Hedgehog Pathway: A New Target for B-Cell Lymphomas an Multiple Myeloma.

The hedgehog pathway (Hh) is one of several key developmental pathways whose deregulation is known to induce tumor formations in mice and humans including medulloblastoma or basal cell carcinoma. Certain human solid tumors (prostate cancer, pancreatic cancer) have been identified which require sustained Hh-Gli signaling for proliferation.

Here, we show for the first time a crucial role of Hedgehog signalling in hematopoietic malignancies. In our experiments, we demonstrate that the Hh pathway is essential for survival of more than 70% of primary lymphomas extracted from transgenic Eμ-Myc mice or Cdkn2a−/− mice (INK4Arf−/−). 34 Myc-lymphomas (10 B-cell lymphomas, 12 plasmablastomas, 10 plasmocytomas, 2 mixed lymphomas) and 10 Cdkn2a−/− lymphomas were isolated from bone marrow, spleen or lymph nodes from diseased mice and expanded on bone marrow stroma cells from Cdkn2a−/− mice. Inhibition of Hh signaling by Cyclopamine (2–5 μM), an alkaloid which inhibits smoothened activation, induced apoptosis in 80% of B-cell lymphomas, 82% of plasmablastomas and 60% of multiple myelomas without affecting stroma proliferation. Protein or transcript levels of Hh pathway downstream targets, such as Gli1, Ptch or Bcl2 but not BMI1 were downregulated after 24h treatment with Cyclopamine. Overexpression of Bcl2 or Gli3 could inhibit apoptosis induction by Cyclopamine.

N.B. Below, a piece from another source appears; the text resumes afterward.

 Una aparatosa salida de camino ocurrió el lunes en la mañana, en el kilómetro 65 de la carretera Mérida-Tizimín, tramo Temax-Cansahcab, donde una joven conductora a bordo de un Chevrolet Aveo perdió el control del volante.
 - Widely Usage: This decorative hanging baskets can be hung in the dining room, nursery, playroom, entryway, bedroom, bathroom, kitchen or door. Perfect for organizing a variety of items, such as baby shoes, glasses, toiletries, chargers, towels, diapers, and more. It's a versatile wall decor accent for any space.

High levels of Ihh protein could be detected in our stroma cell line as well as in bone marrow stroma from various mouse strains. Stimulation of lymphoma cells with recombinant Shh or Ihh protein could overcome apoptosis induction induced by removal of the stromal layer, indicating Ihh as a mediator between stroma and lymphoma cells.

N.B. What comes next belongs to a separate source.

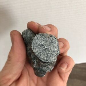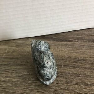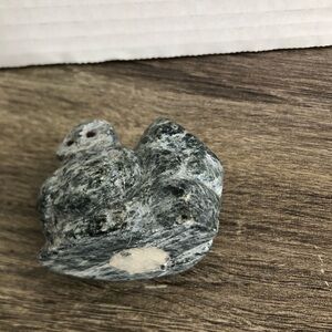 Green stone carved into a little owl with a tree stump, the top of the stump is a heart shape. Not signed and the original sticker from the bottom seems to be missing.
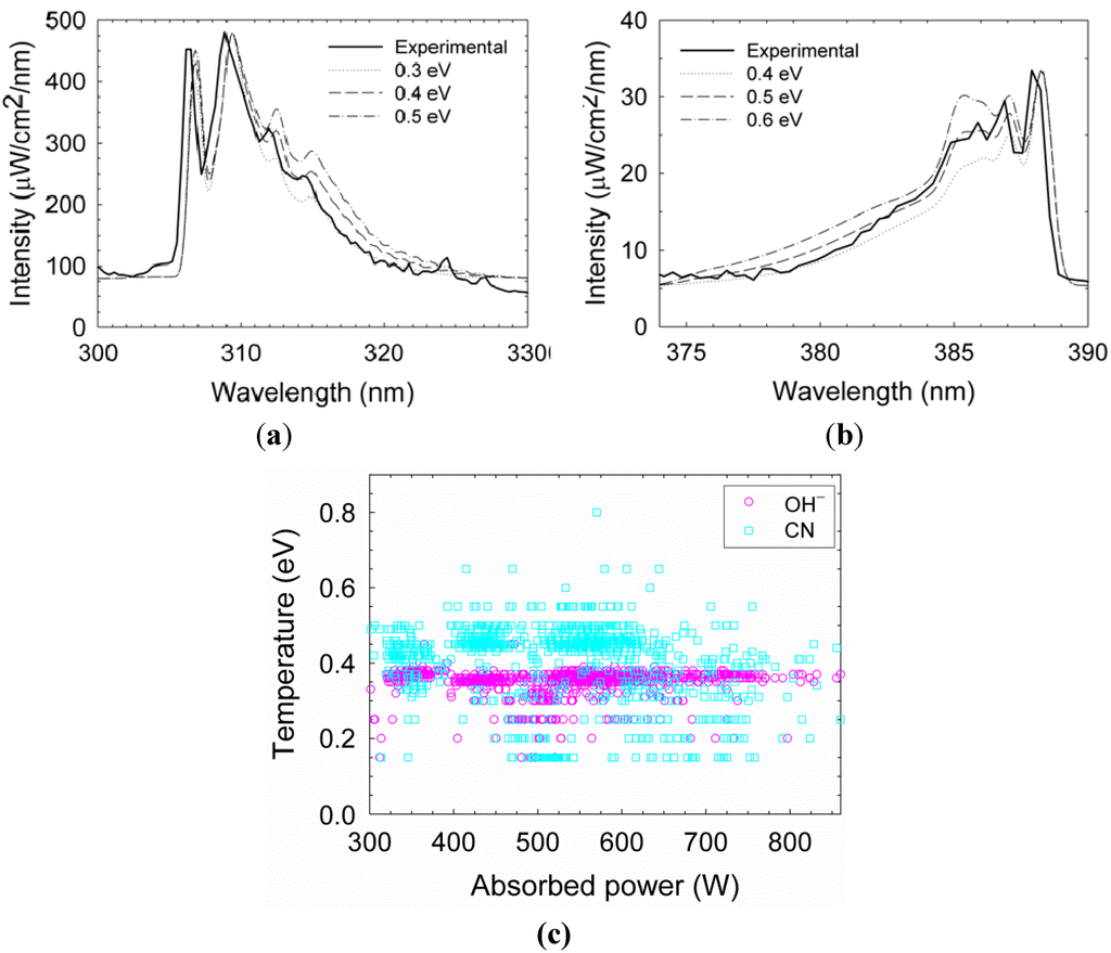 Temperature evaluation by fitting the radicals emission, (a) OH–; (b) CN by the LifBase simulation [27]; and (c) an accumulation of 941 fittings frames for OH– and 973 frames for CN with respect to the instantaneous effective microwave power. The mean temperature does not seem to vary significantly with power in this range.

Injection of luciferazed lymphoma cells into C57Bl6 mice induced lymphoma formation within 2–6 weeks, as shown by Xenogen luciferase imaging. Subcutaneous treatment of lymphoma injected mice with Cyclopamine could inhibit lymphoma formation and even reduce lymphoma mass in mice with already fully developed lymphomas, indicating stroma-lymphoma interaction through hedgehog signaling as an important survival mechanism for lymphoma cells also in vivo.

Our data demonstrates that proliferation and survival of a majority of B-cell lymphomas and plasmacytomas is dependent on intact Hh signaling in vitro and in vivo, suggesting disruption of this pathway as a novel approach in lymphoma therapy.